This morning we received our second consecutive higher inflation reading from the Bureau of Labor Statistics (BLS). The Consumer Price Index (CPI) rose by more than expected, and this came one day after the Producer Price Index (PPI) rose as well. The following table tells the story:
We see that the PPI numbers, though high, were largely in line with expectations, while the CPI numbers exceeded already high estimates. Fixed income markets reacted largely as one might have predicted, with a bit of a relief rally yesterday that was more than reversed today. The 10-year Treasury yield fell from 1.491% on Monday to 1.438% yesterday, only to bounce to 1.52% as I write. The reaction in 2-year yields was even more extreme, going from 0.445% to 0.423% to 0.505% in that span.
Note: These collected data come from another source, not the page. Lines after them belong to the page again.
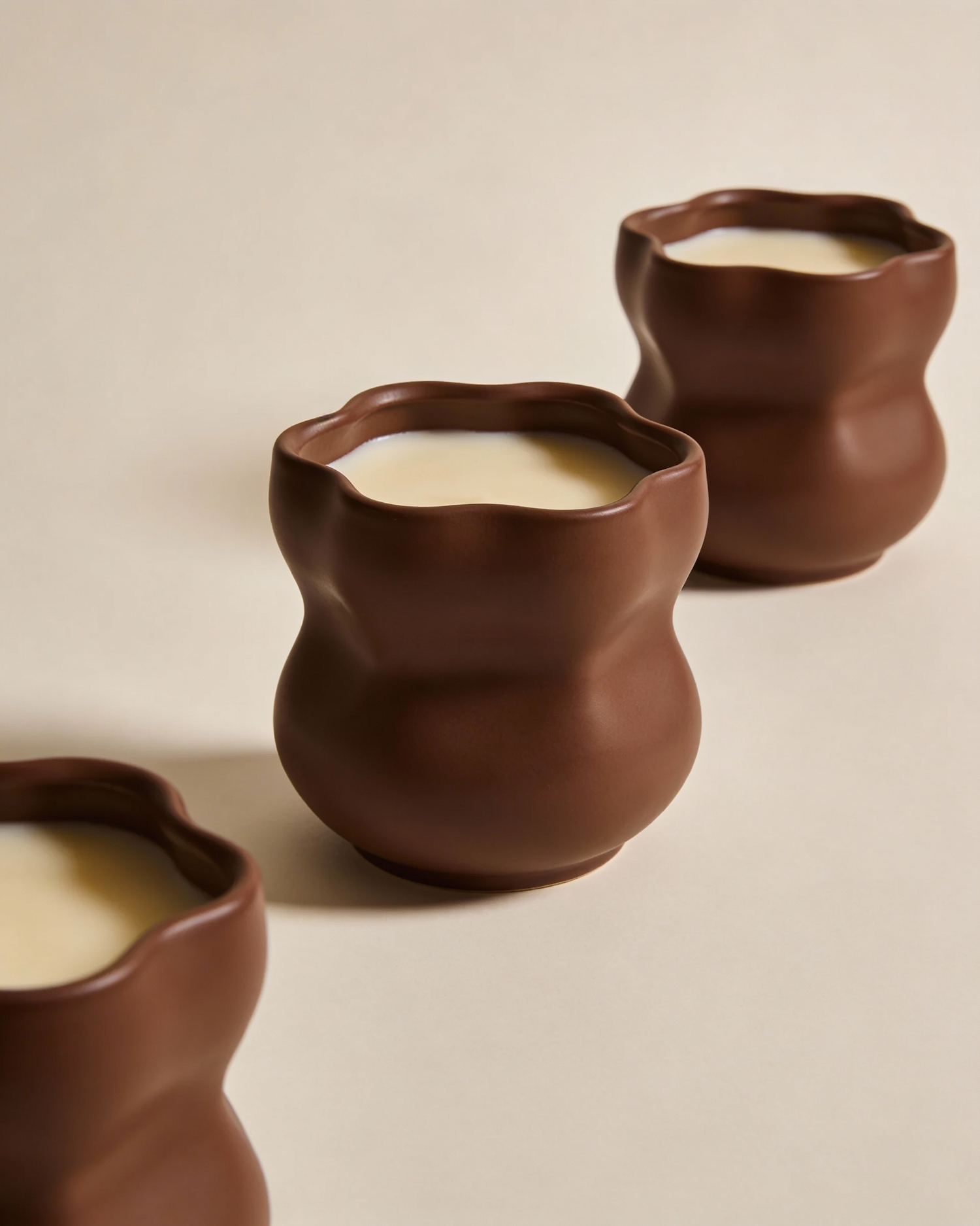 Three brown ceramic cups with a wavy design, filled with a creamy liquid, arranged diagonally on a beige surface.
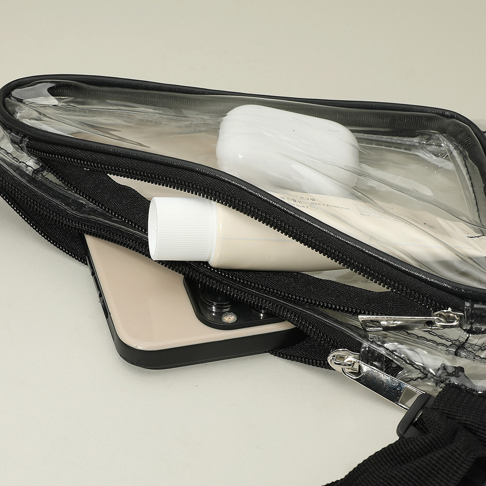 Details • Size : 12" X 6.5" X 1.75" • Adjustable Strap • Zipper Closure • This clear sling bag features a triangular design with adjustable strap and secure zip closure. Perfect for stadiums, concerts, and travel, it keeps your essentials visible and organized while meeting security requirements.
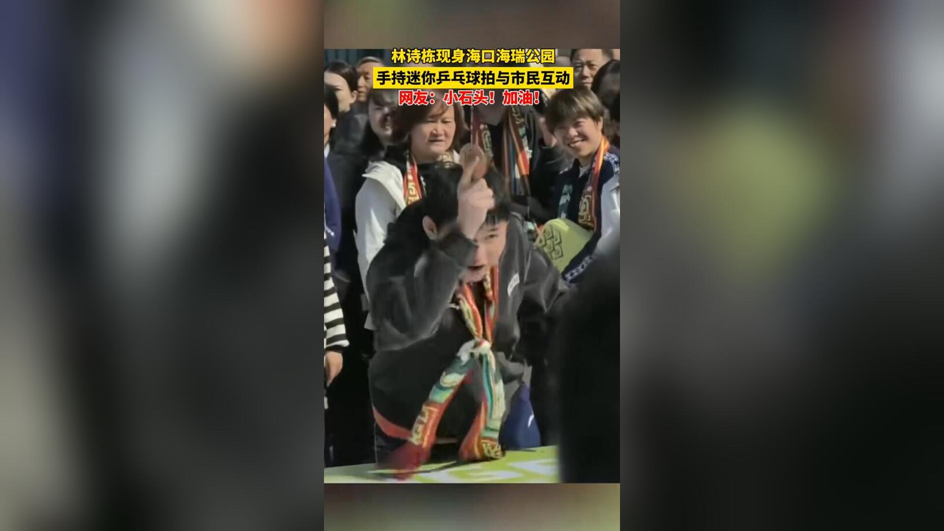 林诗栋现身海口海瑞公园 手持迷你乒乓球拍和市民互动
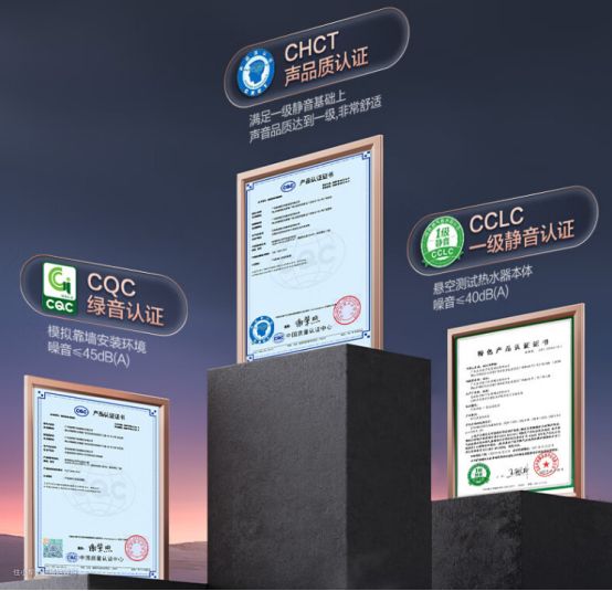 正是通过硬件+软件方面的系统性消音技术,美的安睡M9 Max才能把噪音控制在40dB以内,获得CQC、CCLC、CHCT这三大一级静音认证,平时在使用热水时和冰箱运行时的声音差不多,非常安静。
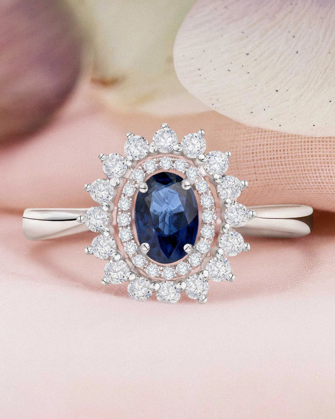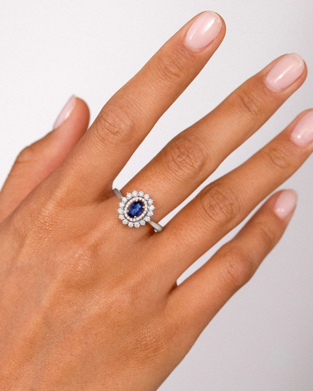 Sortija Gala de zafiro central en talla oval y diamantes sobre montura de oro blanco de 18 Kt. La...
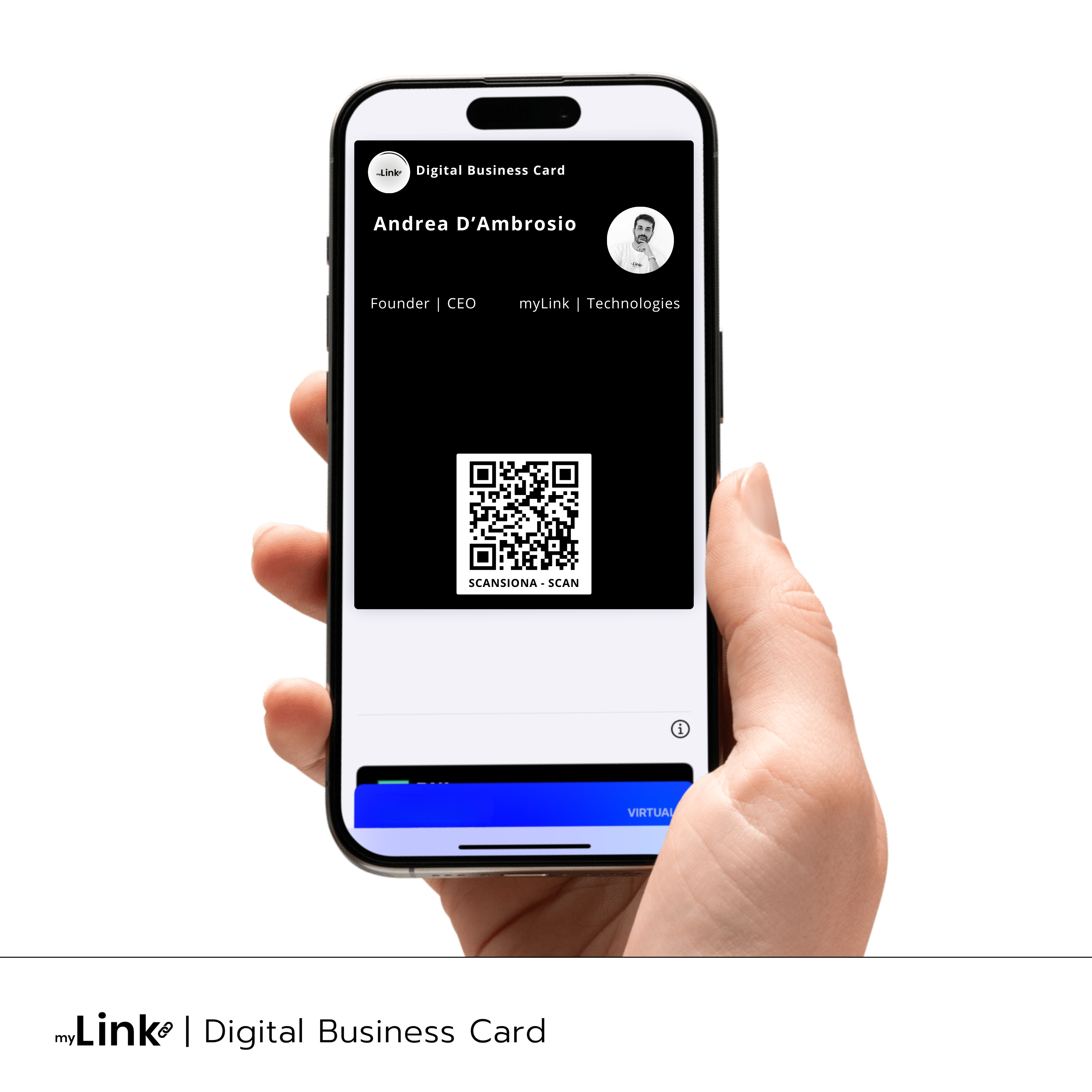 Il tuo Biglietto da Visita Digitale, sempre a portata di mano nel Wallet del tuo smartphone. Condividilo istantaneamente facendo scansione il Codice QR.

We discussed the wild gyrations in short-term rates about a week and a half ago (Bonds Tremble, Stocks Yawn – Traders’ Insight (tradersinsight.news)), and I’ve been paying keen attention in the ensuing days. When I studied a chart of 2-year yields this morning, I noticed a striking resemblance to another chart that I had recently studied. Please examine the chart below, where I have removed the Y-axes (which are different) and any identification of the securities. Can you guess the two well-known securities pictured?
6-month Chart, Two Unnamed Securities, with no Y-axes
These two items have shown very similar movements, but they are vastly different in character. Consider the rather coincidental relationship once more before I reveal the full data in the chart:
6 Month Chart, 2-Year Treasury Yields (blue/white bars), vs Tesla (magenta line)
Yes, the wild gyrations in 2-year yields over the past 6 months are quite similar to that of Tesla (TSLA)! Believe me, I was shocked when I juxtaposed them on a graph for the first time. To be fair, the actual price changes in 2-year notes are FAR more muted than those of TSLA. Even as the yield rose by about 8 basis points today, the actual price of the on-the-run 2 year note fell by about 6/32 of a point. That is the polar opposite of TSLA, where prices fell more than 10% yesterday and are rising 4% today.
Stocks in general, however, showed little fear after today’s inflation report. As I write this, the S&P 500 (SPX) is down about 0.1% and NDX about 0.4%. It is a relative yawn compared to the bond market. The recent upward momentum in stocks is not carrying through today, but it is providing some ballast in the face of the type of economic results that might otherwise be spooking stock traders. It remains to be seen whether the collective “meh” reaction by equity investors to the lofty inflation numbers is a sign of underlying strength or collective denial.